As noted previously, at the proprietors’ meeting held 12 January 1749/50, it was voted to add five feet to the original length of the building, making it 45 feet long. They also added seventeen more windows to the original ten. Perhaps the proprietors added more windows to project a higher status for the township, or just realized they needed more light in the building? It seems likely the windows were not very large – “ten windows of nine squares each and seventeen of six squares each.” Glass panes for the windows were usually less than one foot in any dimension, so the windows may have been only 3’ square on the first floor and 2’x 3’ on the upper floor.
Due to various delays (described in earlier articles), the building proceeded slowly in fits and starts. Money was appropriated as early as 1740 to obtain the wood for the outside clapboards and “good white pine for the inside work”. Clearing the site was done during 1742-43. It appears the building’s frame was erected in 1744, and ten window frames were on site; but then construction was put on hold for several years due to the Indian Wars. By 1749, little else had been done; the Proprietors were asked to consider whether to “speedily cover & finish the frame set up in sd Township some years since…or proceed to build a Meeting House wholly new…”
They voted in January 1749/50 to proceed to complete the Meeting House using the original timber frame, with the additional windows. It is not clear how they intended to add five feet to the length of the building. In some cases, towns expanded meeting houses by cutting the frame in the middle to add extra length to the middle bay. We don’t know if this is what they did or not.
But, we do know that in 1750 they “called” Rev. Adonijah Bidwell to be the First Minister of Township No. 1. The church was formed by eight members on September 25, 1750, and Rev. Bidwell was formally ordained as the minister on October 3, 1750.
By August 1751, the committee charged with completing the Meeting House—John Brewer, Ephraim Thomas, and Isaac Garfield—reported that they had “underpinned the Meeting House and enclosed ye outside & put up the window frames & hung ye doors & laid ye under floor.” In March 1753 it was voted to “make a Pulpit & a Ministerial Pew & make ye body seats & seal ye house up to ye bottom of ye windows & wholly glass ye house.”
There is no mention of the building ever being heated.
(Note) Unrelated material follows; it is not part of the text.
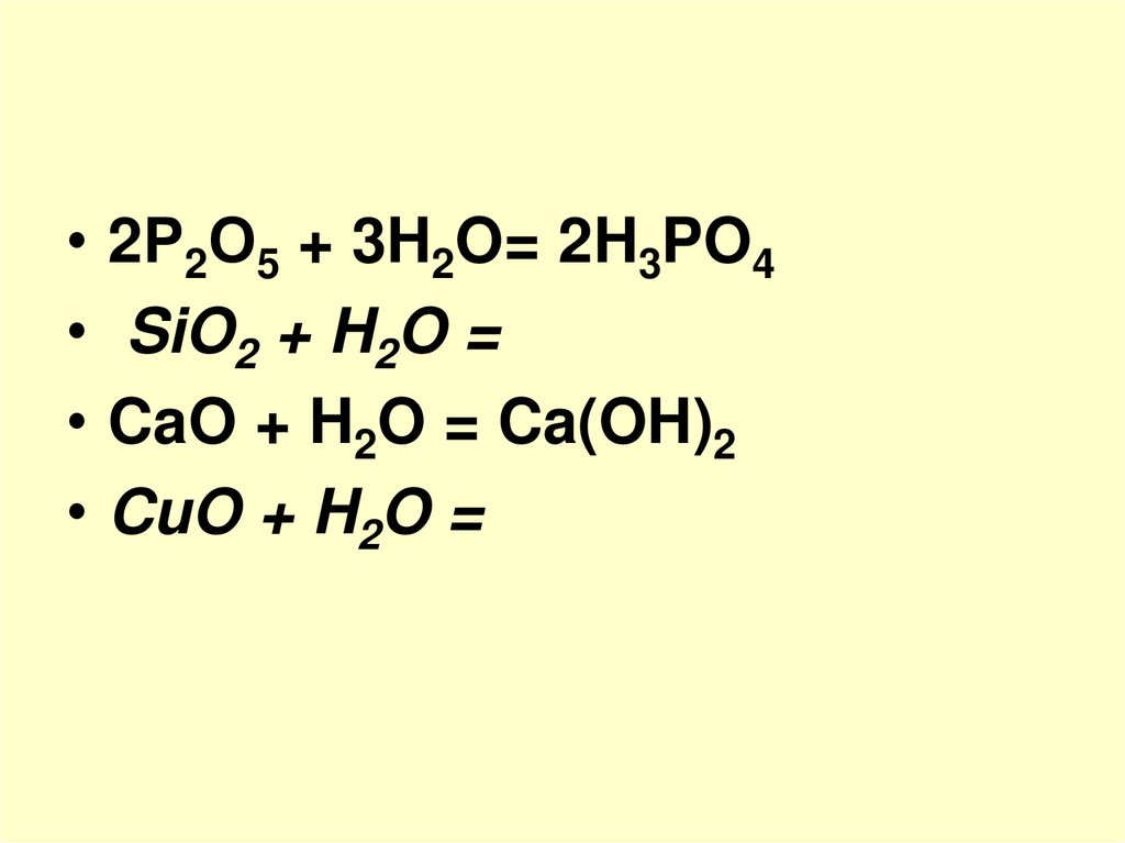 • 2Р2О5 + 3H2O= 2H3PO4• SiO2 + H2O =

People often brought their own “foot stoves” with coals or hot stones to keep their feet warm. In some puritan communities, it was considered a sign of their religious zeal to not be comfortable. A good sermon was supposed to keep them warm. And presumably, discussions at town meetings aroused similar heat?
By the end of 1753 or early 1754, the Meeting House was finally done… or at least enough to be used. Rev. Bidwell would have begun delivering his sermons inside the building. The church probably met at the meeting house site before that, or at the homes of one of the church members.
And on “Monday ye fourth day of Febry 1754 at one of ye Clock in ye afternoon,” the first Proprietors’ Meeting was held in the Meeting House.
We can only imagine how cold it must have been in the unheated building that was only partly “sealed” sitting on top of a windy hill. These were hardy folk, but they complained for decades about how cold and drafty the meeting house was, and subsequent Proprietors’ Meetings were often adjourned after an hour or so and reconvened in Rev. Bidwell’s parlor, or Chadwick’s Inn, Jackson’s Inn, or another nearby house.